Despite all the comings and goings, all three artists found time to practise their tennis, with Winifred perfecting what Ben called “a very pretty stroke”. What really threw a spanner in the works was the birth of triplets to Ben and Barbara in 1934. This was the sort of corporeal reality that abstract artists might find difficult to absorb. Who was going to look after the babies while Ben developed his “constructivist” painting and Barbara concentrated on her pebble-smooth sculptures? The nanny, of course. One of the happier results of the flatlined economy of the 1930s was that there was always a “local girl” around whether you were in Hampstead or St Ives, to mop floors and wipe noses.

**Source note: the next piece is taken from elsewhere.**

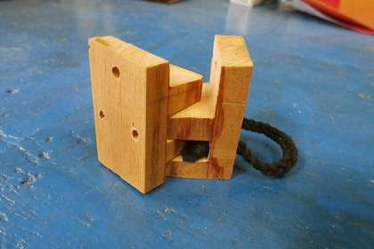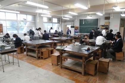 木工細工で下駄の模型を作ってます。表面をつるつるにするのと、下駄の歯がきちんとかみ合うようにやすりがけをしています。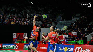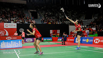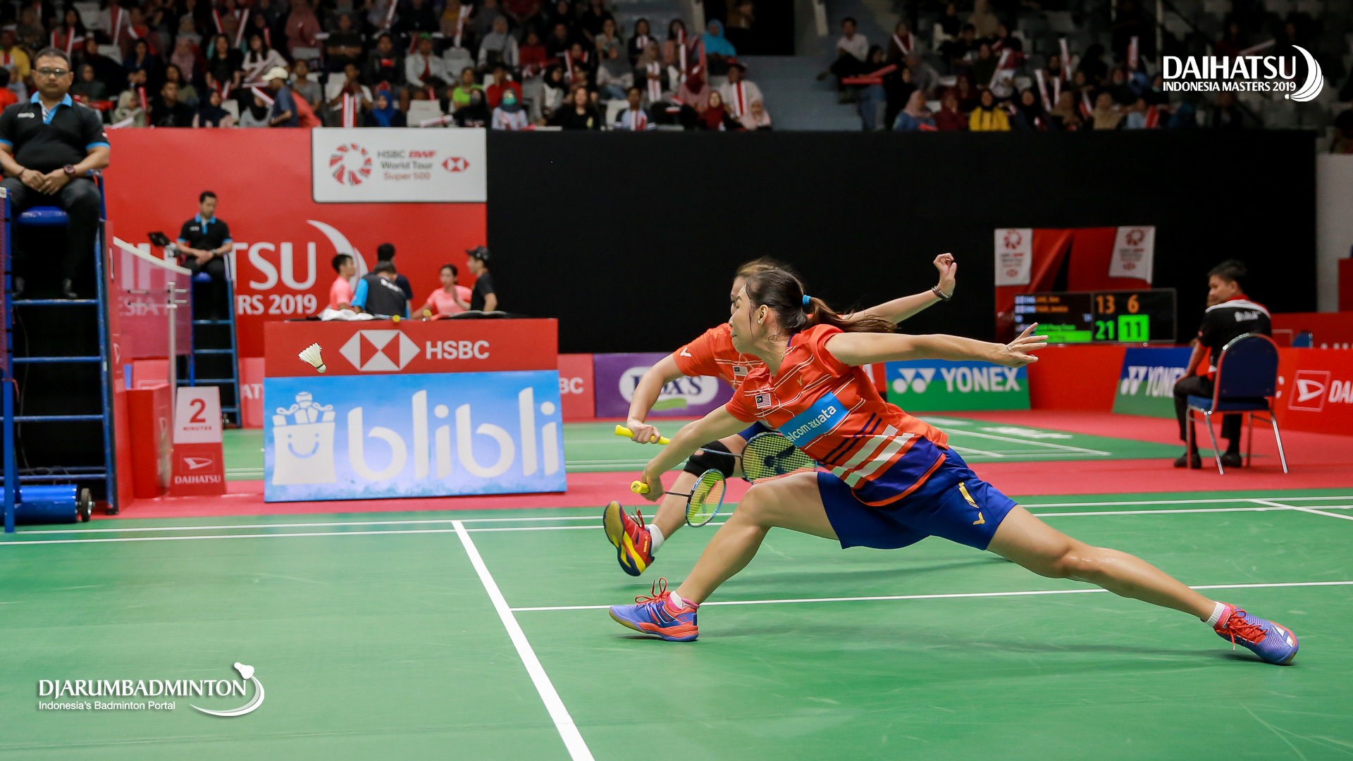 Jongkolphan KITITHARAKUL/Rawinda PRAJONGJAI (Thailand) melepaskan serangan

Circles and Squares is a skilful work of synthesis, which draws on the piles of biographies that already exist of the principals and supporting players. Given the huge cast of characters, it is perhaps inevitable that there are times when the narrative starts to sound like a boho court circular, an endless list of who has left for the south of France and who has turned up for dinner. But Maclean never forgets that ordinary life matters too. Someone takes the No 24 bus into town, while Jack Pritchard, co-designer of the Isokon building, quarrels with his architectural partner Wells Coates over where the bins are to go.
• Circles and Squares: The Lives and Art of the Hampstead Modernists is published by Bloomsbury (RRP £30).